AT ONCE MORTAL AND IMMORTAL, ISAAC NEWTON WAS BOTH A
living, breathing man and a legend that forever changed the
world. Yet so reclusive was he at his most creative that his biographers
have succeeded in viewing him only through a glass darkly.
During a rare moment of introspection, Newton once compared
himself to a boy playing on a seashore, casting about for a few
beautiful pebbles that he likened to his greatest discoveries. It is
worth noting, however, that even this simple metaphor is misleading.
While Newton’s home was an island, he never set eyes on the
open sea beyond the fens until well after he had grown to manhood.
Neither, so far as is known, did he seriously entertain the
idea of taking in the wonders of the Continent only a short sail
away, or of communing with Europe’s foremost scientific minds.
Newton was a loner pure and simple, secure in the knowledge
that he was without peers when it came to almost all matters
cerebral. The only person who knew him well was his enigmatic
chamber fellow John Wickins, who lived with him when he was
formulating the calculus, conducting his brilliantly counterintuitive
prism experiments, and undergoing his earliest intimations
of gravity. When the two men finally parted company
after sharing the same lodgings at Cambridge University for some
twenty years, Wickins married and moved away to become a
successful country parson, leaving behind neither letters nor memoirs
regarding his supremely gifted friend.
Perhaps Wickins’s silence was at least partly due to the fact
that he understood so little of what Newton was about, although
he often took the part of Newton’s copyist. This was no less true
of Humphrey Newton, a distant relative hired by Sir Isaac to stoke
the fires of his alchemical furnace during what Humphrey called
“spring & fall of the Leaf.” Humphrey described his employer as
a man possessed, one who slept next to the fire through the night
without bothering to remove so much as a single article of clothing.

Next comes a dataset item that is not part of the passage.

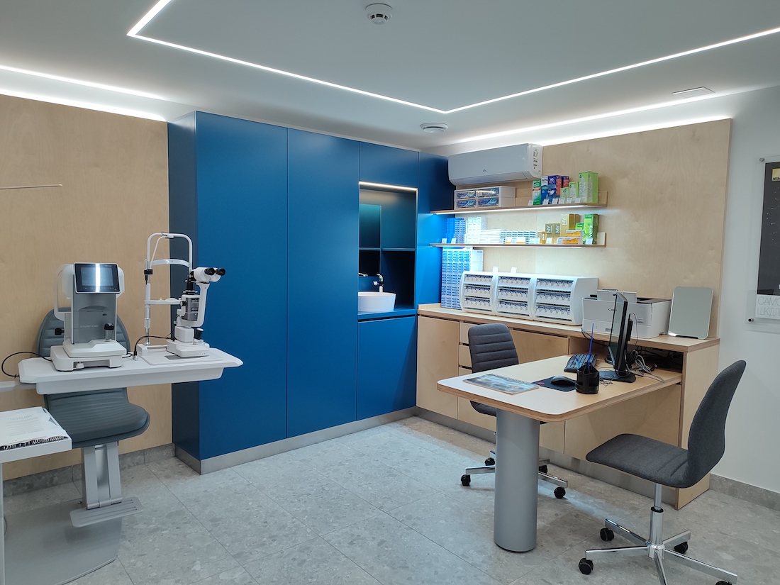 2 затишних кабінети офтальмолога розташовано на другому поверсі. Записатися на перевірку зору до "Люксоптик" можна на онлайн офіційному сайті.

As for what Newton was searching for, Humphrey, like the
sorcerer’s apprentice, hadn’t a clue. “His Pains, his Diligence at
those set Times,” Humphrey wrote, “made me think he aimed at
something beyond the Reach of human Art & Industry.”
So it went for thirty years and more until Newton resigned his
professorship and set out for the greener pastures of London.
There he took charge of the royal mint, where he transformed the
coining of England’s silver and gold while vengefully running
counterfeiters to ground for a date with the hangman’s noose. And
it was in London, while Newton was presiding over the Royal
Society like some grand potentate, that he went to war against the
German polymath Gottfried Wilhelm von Leibniz and England’s
astronomer royal, John Flamsteed.
While I can claim no personal knowledge of Newton, I have
spent much of the past twenty-five years reading, thinking, and
writing about him. This short biography is the partial distillate of
that intractable—indeed sometimes maddening—quest for understanding,
and is aimed at the casual reader who wishes to know
something more of Newton beyond his “discovery” of universal
gravitation. Still, after all that time, I, too, see him through a glass
darkly. As one Newton scholar remarked, “It would take another
Newton to understand Newton.” I am anything but that person,
yet neither were all the others who have accepted the challenge of
putting his remarkable life on paper. What sustained me was the
privilege of standing over Newton’s shoulder, a silent witness to
the creative process as it unfolded in all its majesty. Think of it: a
lone human being bent low over a desk, supplied with nothing
more than a quill pen, a pot of homemade ink, and countless
sheets of blank paper, calculating precisely how the cosmos goes.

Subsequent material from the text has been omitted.